Freedom Writers is a  2007 American drama film written and directed by Richard LaGravenese and starring Hilary Swank, Scott Glenn, Imelda Staunton, Patrick Dempsey and Mario.

It is based on the 1999 book The Freedom Writers Diary by teacher Erin Gruwell and students who compiled the book out of real diary entries about their lives that they wrote in their English class at Woodrow Wilson Classical High School in Long Beach, California. The movie is also based on the DC program called City at Peace.  The title of the movie and book is a play on the term "Freedom Riders", referring to the multiracial civil rights activists who tested the U.S. Supreme Court decision ordering the desegregation of interstate buses in 1961.
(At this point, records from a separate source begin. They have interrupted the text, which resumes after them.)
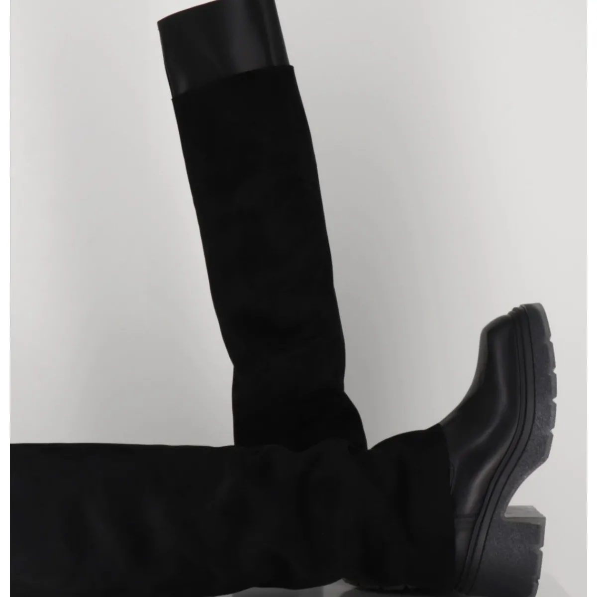 Bottes – presque genouillères en stretch noir avec guêtre en daim amovible, forme esprit bikers à bout carré montées sur une semelle en gomme crantée
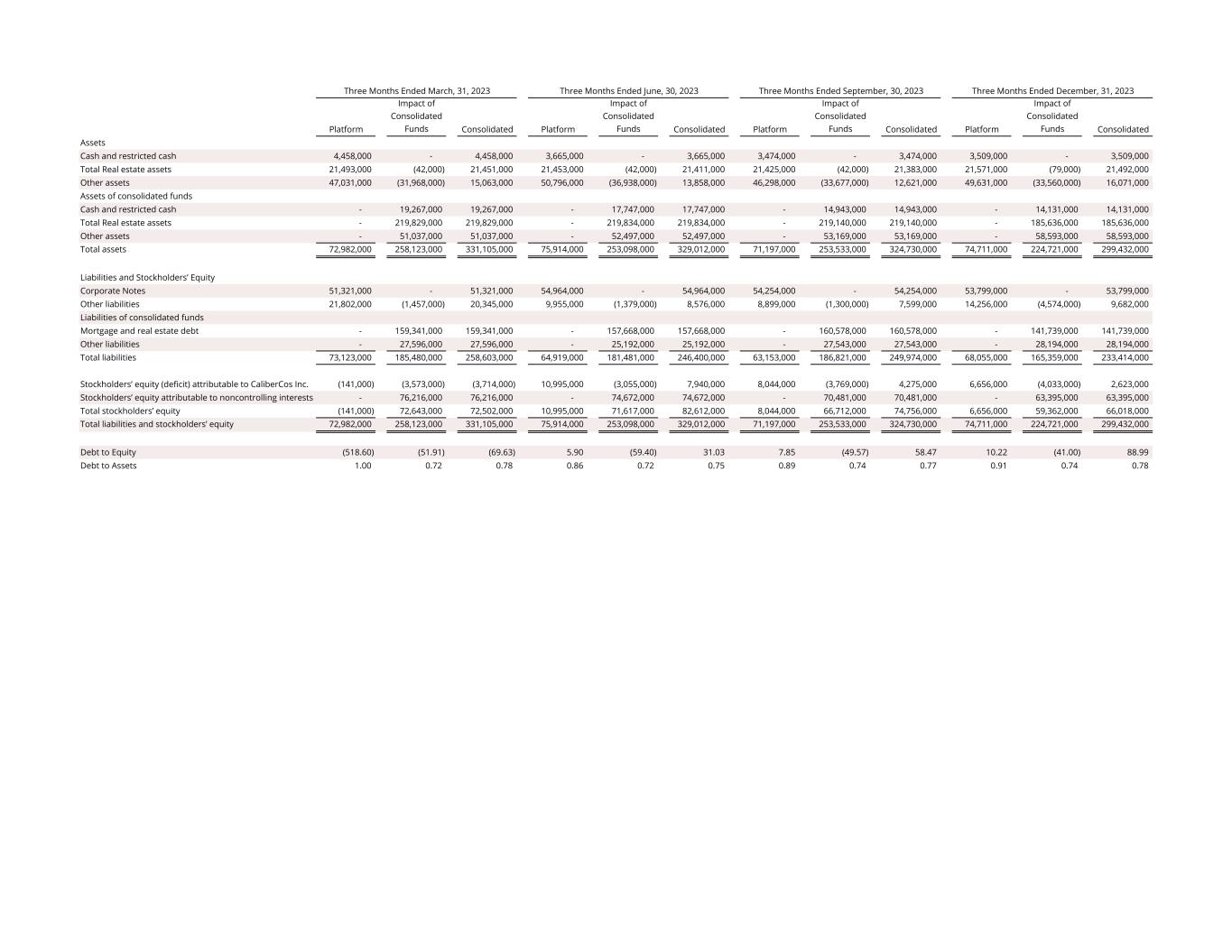 Platform Impact of Consolidated Funds Consolidated Platform Impact of Consolidated Funds Consolidated Platform Impact of Consolidated Funds Consolidated Platform Impact of Consolidated Funds Consolidated Assets Cash and restricted cash 4,458,000 - 4,458,000 3,665,000 - 3,665,000 3,474,000 - 3,474,000 3,509,000 - 3,509,000 Total Real estate assets 21,493,000 (42,000) 21,451,000 21,453,000 (42,000) 21,411,000 21,425,000 (42,000) 21,383,000 21,571,000 (79,000) 21,492,000 Other assets 47,031,000 (31,968,000) 15,063,000 50,796,000 (36,938,000) 13,858,000 46,298,000 (33,677,000) 12,621,000 49,631,000 (33,560,000) 16,071,000 Assets of consolidated funds Cash and restricted cash - 19,267,000 19,267,000 - 17,747,000 17,747,000 - 14,943,000 14,943,000 - 14,131,000 14,131,000 Total Real estate assets - 219,829,000 219,829,000 - 219,834,000 219,834,000 - 219,140,000 219,140,000 - 185,636,000 185,636,000 Other assets - 51,037,000 51,037,000 - 52,497,000 52,497,000 - 53,169,000 53,169,000 - 58,593,000 58,593,000 Total assets 72,982,000 258,123,000 331,105,000 75,914,000 253,098,000 329,012,000 71,197,000 253,533,000 324,730,000 74,711,000 224,721,000 299,432,000 Liabilities and Stockholders’ Equity Corporate Notes 51,321,000 - 51,321,000 54,964,000 - 54,964,000 54,254,000 - 54,254,000 53,799,000 - 53,799,000 Other liabilities 21,802,000 (1,457,000) 20,345,000 9,955,000 (1,379,000) 8,576,000 8,899,000 (1,300,000) 7,599,000 14,256,000 (4,574,000) 9,682,000 Liabilities of consolidated funds Mortgage and real estate debt - 159,341,000 159,341,000 - 157,668,000 157,668,000 - 160,578,000 160,578,000 - 141,739,000 141,739,000 Other liabilities - 27,596,000 27,596,000 - 25,192,000 25,192,000 - 27,543,000 27,543,000 - 28,194,000 28,194,000 Total liabilities 73,123,000 185,480,000 258,603,000 64,919,000 181,481,000 246,400,000 63,153,000 186,821,000 249,974,000 68,055,000 165,359,000 233,414,000 Stockholders’ equity (deficit) attributable to CaliberCos Inc. (141,000) (3,573,000) (3,714,000) 10,995,000 (3,055,000) 7,940,000 8,044,000 (3,769,000) 4,275,000 6,656,000 (4,033,000) 2,623,000 Stockholders’ equity attributable to noncontrolling interests - 76,216,000 76,216,000 - 74,672,000 74,672,000 - 70,481,000 70,481,000 - 63,395,000 63,395,000 Total stockholders’ equity (141,000) 72,643,000 72,502,000 10,995,000 71,617,000 82,612,000 8,044,000 66,712,000 74,756,000 6,656,000 59,362,000 66,018,000 Total liabilities and stockholders’ equity 72,982,000 258,123,000 331,105,000 75,914,000 253,098,000 329,012,000 71,197,000 253,533,000 324,730,000 74,711,000 224,721,000 299,432,000 Debt to Equity (518.60) (51.91) (69.63) 5.90 (59.40) 31.03 7.85 (49.57) 58.47 10.22 (41.00) 88.99 Debt to Assets 1.00 0.72 0.78 0.86 0.72 0.75 0.89 0.74 0.77 0.91 0.74 0.78 Three Months Ended March, 31, 2023 Three Months Ended June, 30, 2023 Three Months Ended September, 30, 2023 Three Months Ended December, 31, 2023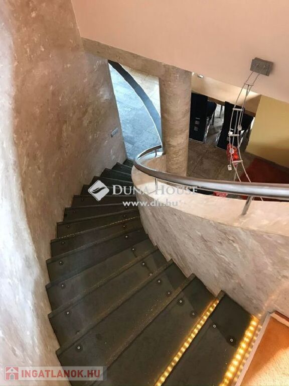 Az alsó szinten belépéskor kellemes belső tér fogad, az előszobából nyílnak a helyiségek. Balra a konyha-étkező, jobbra gardrób, fürdő, mellékhelyiség, mely kézmosóval felszerelt. Az előszobából tovább haladva a rendkívül hangulatos, jó fényviszonyokkal rendelkező tágas nappali tárul elénk, melynek dísze a kandalló. A nappali és a konyha-étkező egy teret alkotnak, mindössze egy oszlop választja el őket. A konyha gépesített, Bosch gépekkel felszerelt. A nappaliból kiléphetünk a fedett - és nyitott teraszra.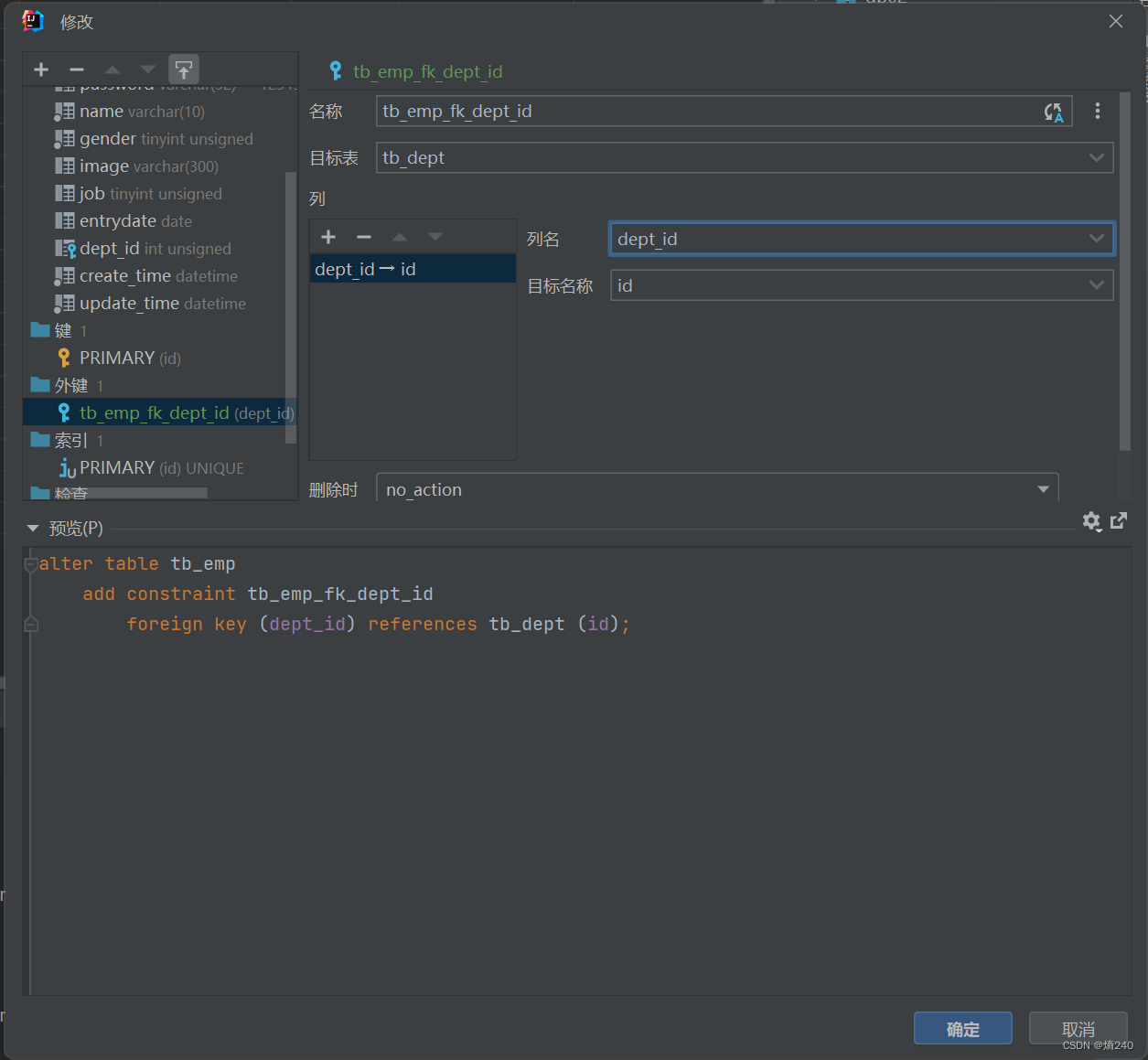 - 创建完表之后,添加外键

The idea for the film came from journalist Tracey Durning, who made a documentary about Erin Gruwell for the ABC News program Primetime Live. Durning served as co-executive producer of the film. The film was dedicated to the memory of Armand Jones, who was killed after filming Freedom Writers. He was fatally shot at age 18 in Anaheim, California, after a confrontation with a man who robbed Jones of a necklace in a Denny's restaurant.

Plot

In 1994 in Long Beach, California, Erin Gruwell has been accepted to teach English for at-risk students at Woodrow Wilson High School—a once highly acclaimed school that has declined since voluntary integration had been enforced and where racial tension has increased since the Los Angeles riots two years before. Erin struggles to form a connection with her students and observes numerous fights between some of them, who are in rival gangs.
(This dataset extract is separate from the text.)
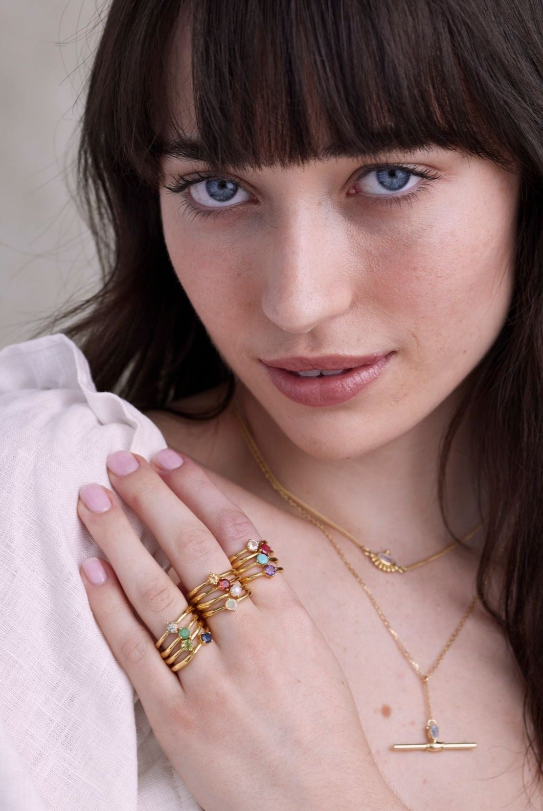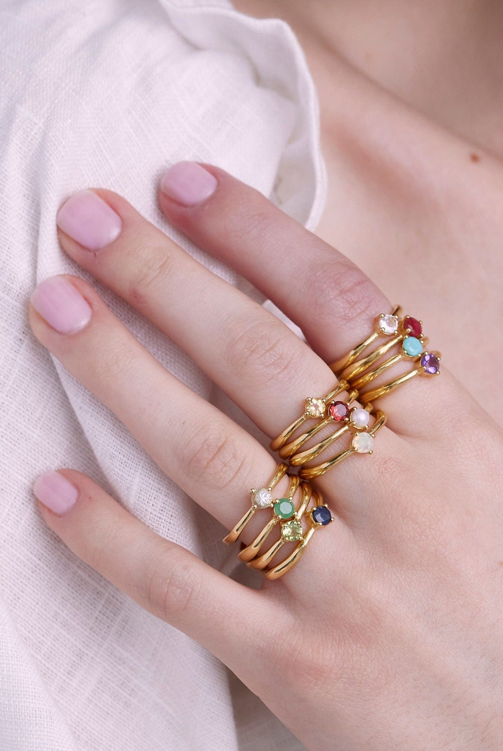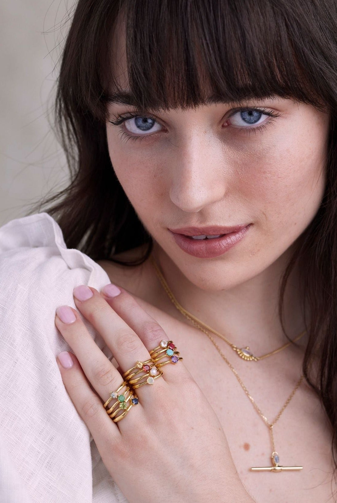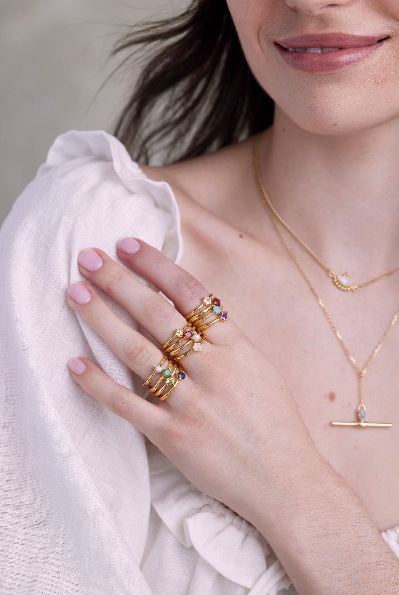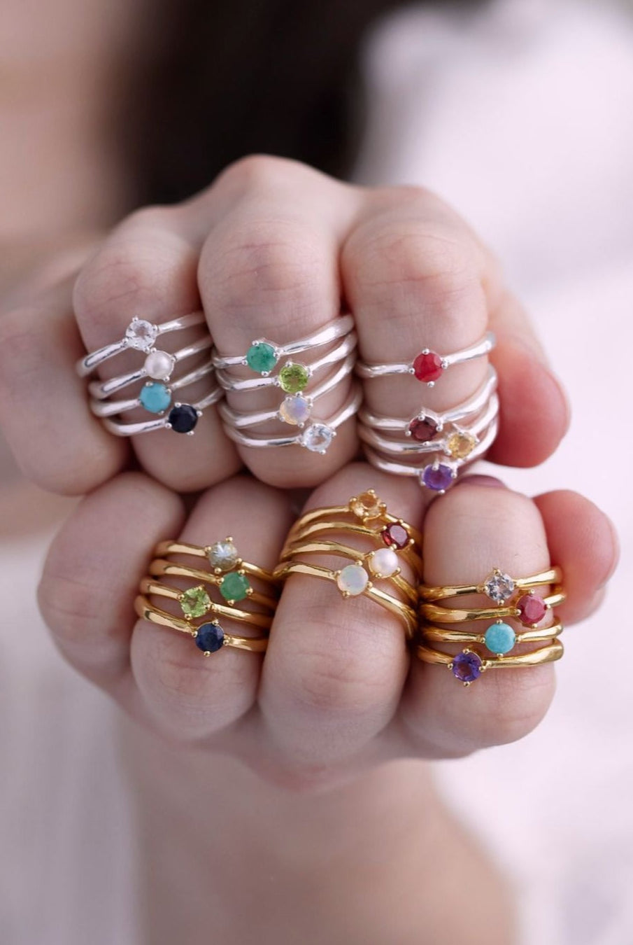 Discover stacking rings and statement designs crafted with sterling silver, gold plating, and semi-precious stones. Perfect for layering and any occasion.

One night, Latin American student Eva Benitez goes into a convenience store while her boyfriend Paco, who is a fellow gang member, and two other friends stay in the car. Eva's classmate and rival Sindy Ngor, who is a Cambodian refugee, her boyfriend, and another friend also enter the store. African American student Grant Rice, frustrated about losing an arcade game, demands a refund from the store owner. As Grant storms out, Paco, as retaliation for losing a fight against him earlier during a massive brawl at school, attempts to kill him, but misses and accidentally kills Sindy's boyfriend while Grant flees the scene and is later arrested for the homicide. As a witness, Eva must testify in court; she intends to guard "her own" in her testimony.

The next day at school, Erin examines a racist drawing by one of her Latin American students and utilizes it to teach the class about the Holocaust, which everyone, except for White student Ben Samuels, has no knowledge of. She gradually begins to earn their trust and buys composition books for them to use as diaries, in which they write about their experiences of being evicted, being abused, and seeing their loved ones die.
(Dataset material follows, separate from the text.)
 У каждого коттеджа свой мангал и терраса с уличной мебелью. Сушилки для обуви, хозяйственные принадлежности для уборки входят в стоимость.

Determined to reform her students, Erin takes on two part-time jobs to pay for more books and activities, and spends a lot more time at school, much to the disappointment of her husband, Scott. A transformation is specifically visible in one student, Marcus. Erin invites several Jewish Holocaust survivors to talk with her class about their experiences and requires the students to attend a field trip to the Museum of Tolerance. The students start to realize that being rivals against each other, just based on color, should not be a reason to prohibit their friendships with one another. Meanwhile, her unique training methods are scorned by her colleagues and department chair Margaret Campbell.

The following school year comes and Erin teaches her class (now sophomores) again, making it the second year that she is their teacher. On the first day, Erin makes her class propose a "Toast for Change", allowing everyone to open up about their struggles and what they wish to change about themselves. Later on, the class makes enough money to have Miep Gies come to the United States and tell her story of her helping Anne Frank, her family, and the Van Pels hide from the Nazis; she then also persuades the students that they are heroes and that they "within their own small ways, [can] turn on a small light in a dark room."

These two events inspire Eva to tell the truth, breaking free of the demands of her father to always protect her own. At Grant's trial, she shocks the courtroom by revealing that Paco actually killed Sindy's boyfriend at the scene; Grant is spared while Paco is convicted, Sindy later forgives Eva. Afterward, Eva is attacked and threatened by her gang members, but is ultimately spared because of her father as she moves in with her aunt for safety.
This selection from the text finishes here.